Would you reproduce the entries that follow exactly as they appear?

[Stored data]
......
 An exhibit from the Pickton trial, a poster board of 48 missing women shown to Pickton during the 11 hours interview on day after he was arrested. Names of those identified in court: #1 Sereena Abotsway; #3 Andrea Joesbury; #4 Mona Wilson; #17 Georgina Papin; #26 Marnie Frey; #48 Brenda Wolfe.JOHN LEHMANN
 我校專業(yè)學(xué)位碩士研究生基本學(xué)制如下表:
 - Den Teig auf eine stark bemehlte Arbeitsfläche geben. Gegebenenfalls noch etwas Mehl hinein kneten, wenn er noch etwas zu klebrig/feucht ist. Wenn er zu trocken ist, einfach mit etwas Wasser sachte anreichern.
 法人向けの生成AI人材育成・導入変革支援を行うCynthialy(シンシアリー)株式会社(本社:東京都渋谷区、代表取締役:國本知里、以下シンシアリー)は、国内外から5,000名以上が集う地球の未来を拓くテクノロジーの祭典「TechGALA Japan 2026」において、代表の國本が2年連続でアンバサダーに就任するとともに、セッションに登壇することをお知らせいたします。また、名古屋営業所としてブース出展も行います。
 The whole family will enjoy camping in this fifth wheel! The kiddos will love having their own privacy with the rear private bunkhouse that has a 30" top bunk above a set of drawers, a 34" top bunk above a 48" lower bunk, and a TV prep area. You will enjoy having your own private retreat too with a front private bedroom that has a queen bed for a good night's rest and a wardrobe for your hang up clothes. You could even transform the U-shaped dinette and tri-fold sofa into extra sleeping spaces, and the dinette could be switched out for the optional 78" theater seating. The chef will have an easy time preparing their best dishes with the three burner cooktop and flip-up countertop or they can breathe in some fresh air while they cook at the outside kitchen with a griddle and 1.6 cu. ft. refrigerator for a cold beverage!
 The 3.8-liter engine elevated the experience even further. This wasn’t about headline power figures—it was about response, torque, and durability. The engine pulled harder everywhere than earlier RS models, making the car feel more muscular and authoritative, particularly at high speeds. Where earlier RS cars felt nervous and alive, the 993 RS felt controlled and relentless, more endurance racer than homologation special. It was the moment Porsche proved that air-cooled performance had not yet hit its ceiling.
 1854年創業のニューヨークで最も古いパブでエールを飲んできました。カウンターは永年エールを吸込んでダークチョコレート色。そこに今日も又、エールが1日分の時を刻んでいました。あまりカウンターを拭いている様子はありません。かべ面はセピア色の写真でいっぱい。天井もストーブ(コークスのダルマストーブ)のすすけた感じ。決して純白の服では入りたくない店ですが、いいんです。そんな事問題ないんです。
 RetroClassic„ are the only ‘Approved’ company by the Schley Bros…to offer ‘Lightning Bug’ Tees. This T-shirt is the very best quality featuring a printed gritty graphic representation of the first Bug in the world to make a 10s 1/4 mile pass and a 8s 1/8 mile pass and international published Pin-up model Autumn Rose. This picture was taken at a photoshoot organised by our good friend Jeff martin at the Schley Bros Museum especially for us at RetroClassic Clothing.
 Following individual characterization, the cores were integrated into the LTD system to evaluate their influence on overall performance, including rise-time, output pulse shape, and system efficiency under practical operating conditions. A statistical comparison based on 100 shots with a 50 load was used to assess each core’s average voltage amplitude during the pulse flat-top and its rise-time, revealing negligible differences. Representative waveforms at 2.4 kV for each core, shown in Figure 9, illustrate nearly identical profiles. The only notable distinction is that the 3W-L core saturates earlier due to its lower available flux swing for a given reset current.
......
#### OUTPUT FOR THIS TASK:
 An exhibit from the Pickton trial, a poster board of 48 missing women shown to Pickton during the 11 hours interview on day after he was arrested. Names of those identified in court: #1 Sereena Abotsway; #3 Andrea Joesbury; #4 Mona Wilson; #17 Georgina Papin; #26 Marnie Frey; #48 Brenda Wolfe.JOHN LEHMANN
 我校專業(yè)學(xué)位碩士研究生基本學(xué)制如下表:
 - Den Teig auf eine stark bemehlte Arbeitsfläche geben. Gegebenenfalls noch etwas Mehl hinein kneten, wenn er noch etwas zu klebrig/feucht ist. Wenn er zu trocken ist, einfach mit etwas Wasser sachte anreichern.
 法人向けの生成AI人材育成・導入変革支援を行うCynthialy(シンシアリー)株式会社(本社:東京都渋谷区、代表取締役:國本知里、以下シンシアリー)は、国内外から5,000名以上が集う地球の未来を拓くテクノロジーの祭典「TechGALA Japan 2026」において、代表の國本が2年連続でアンバサダーに就任するとともに、セッションに登壇することをお知らせいたします。また、名古屋営業所としてブース出展も行います。
 The whole family will enjoy camping in this fifth wheel! The kiddos will love having their own privacy with the rear private bunkhouse that has a 30" top bunk above a set of drawers, a 34" top bunk above a 48" lower bunk, and a TV prep area. You will enjoy having your own private retreat too with a front private bedroom that has a queen bed for a good night's rest and a wardrobe for your hang up clothes. You could even transform the U-shaped dinette and tri-fold sofa into extra sleeping spaces, and the dinette could be switched out for the optional 78" theater seating. The chef will have an easy time preparing their best dishes with the three burner cooktop and flip-up countertop or they can breathe in some fresh air while they cook at the outside kitchen with a griddle and 1.6 cu. ft. refrigerator for a cold beverage!
 The 3.8-liter engine elevated the experience even further. This wasn’t about headline power figures—it was about response, torque, and durability. The engine pulled harder everywhere than earlier RS models, making the car feel more muscular and authoritative, particularly at high speeds. Where earlier RS cars felt nervous and alive, the 993 RS felt controlled and relentless, more endurance racer than homologation special. It was the moment Porsche proved that air-cooled performance had not yet hit its ceiling.
 1854年創業のニューヨークで最も古いパブでエールを飲んできました。カウンターは永年エールを吸込んでダークチョコレート色。そこに今日も又、エールが1日分の時を刻んでいました。あまりカウンターを拭いている様子はありません。かべ面はセピア色の写真でいっぱい。天井もストーブ(コークスのダルマストーブ)のすすけた感じ。決して純白の服では入りたくない店ですが、いいんです。そんな事問題ないんです。
 RetroClassic„ are the only ‘Approved’ company by the Schley Bros…to offer ‘Lightning Bug’ Tees. This T-shirt is the very best quality featuring a printed gritty graphic representation of the first Bug in the world to make a 10s 1/4 mile pass and a 8s 1/8 mile pass and international published Pin-up model Autumn Rose. This picture was taken at a photoshoot organised by our good friend Jeff martin at the Schley Bros Museum especially for us at RetroClassic Clothing.
 Following individual characterization, the cores were integrated into the LTD system to evaluate their influence on overall performance, including rise-time, output pulse shape, and system efficiency under practical operating conditions. A statistical comparison based on 100 shots with a 50 load was used to assess each core’s average voltage amplitude during the pulse flat-top and its rise-time, revealing negligible differences. Representative waveforms at 2.4 kV for each core, shown in Figure 9, illustrate nearly identical profiles. The only notable distinction is that the 3W-L core saturates earlier due to its lower available flux swing for a given reset current.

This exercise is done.